Original poster: "Marco Denicolai by way of Terry Fritz <twftesla-at-uswest-dot-net>" <Marco.Denicolai-at-tellabs.fi>

Hi everybody.

I eventually found the cause of the decay in performance of the Thor SMPS.

As the SMPS transformers are driven by 560 VDC, I had placed across the
transformers primaries 600 V varistors, from the very beginning.

A few days ago two of those went short (damaging 4 IGBTs too, of course!),
and I
ran some simulation of the voltage across the transformers. I noticed that
actually that voltage rises up to 1300Vpeak, starting from the midpoint of the
charging cycle: this is due to the resonant load topology of the SMPS, that
features a capacitor in series to the transformer primary.
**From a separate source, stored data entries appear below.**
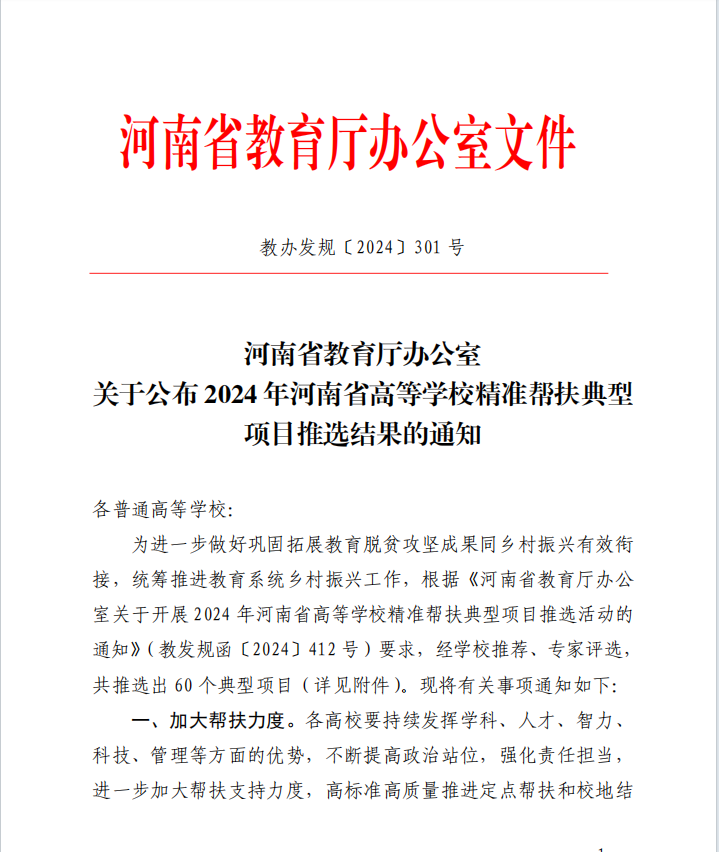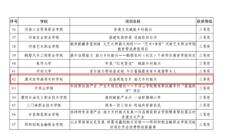 近日,河南省教育厅办公室公布了河南省2024年高等学校精准帮扶典型项目评选结果,漯河医学高等专科学校推荐的《打造两张名片 助力乡村振兴》项目成功入选河南省高等学校精准帮扶典型项目,并荣获三等奖。
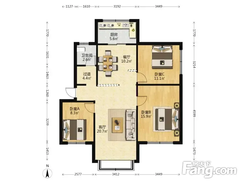 3室2厅1卫
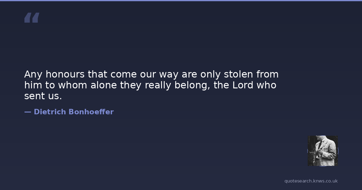 Any honours that come our way are only stolen from him to whom alone they really belong, the Lord who sent us.
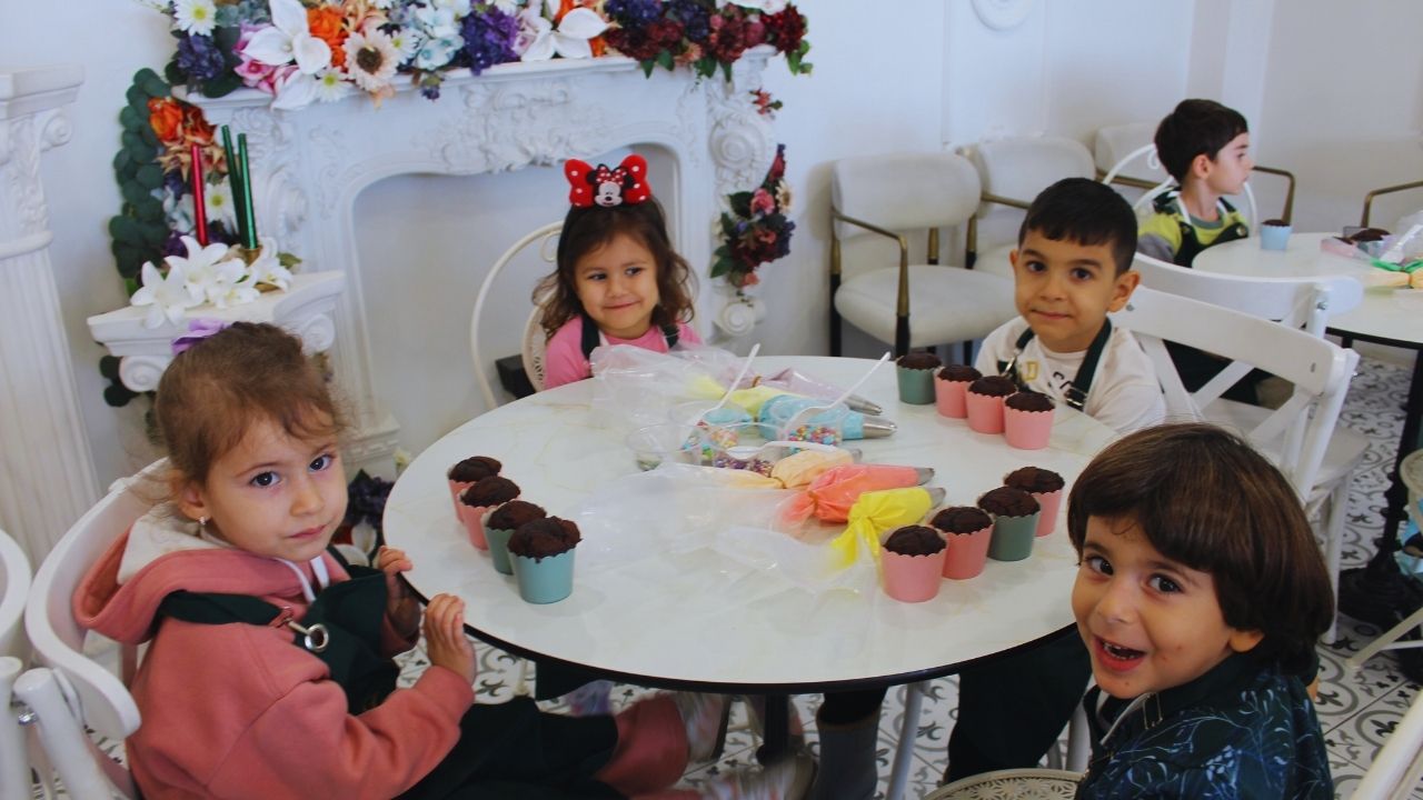 Doğal malzemelerle hazırlanan cupcake tabanlarını; renkli kremalar, çeşitli şekerlemeler ve süsleme aksesuarlarıyla yeniden yorumlayan öğrencilerimiz, hayal güçlerini tatlı tasarımlarıyla ortaya koydu.
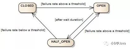 状态时,熔断器允许少量请求通过并且此时会使用另外一个状态环来计算失败率,若失败率低于或等于阈值则熔断器状态变为CLOSED

The 600 V VDR have been clipping all the time such a voltage! That's why the
charge profile was bended. It's a miracle they have been working so many hours,
without even getting warm. Very good devices, indeed   :^)

Removed the VDRs, replaced them with a series of two (850 V each, other type)
for a resulting voltage of 1700V, I was able to get:

- improved performance, faster (very near to the theoretical) charge speed: now
I got 3 m long streamers
- stable performance: no more decay within 15 seconds.

And the new faster diodes I am using now are still ice cold.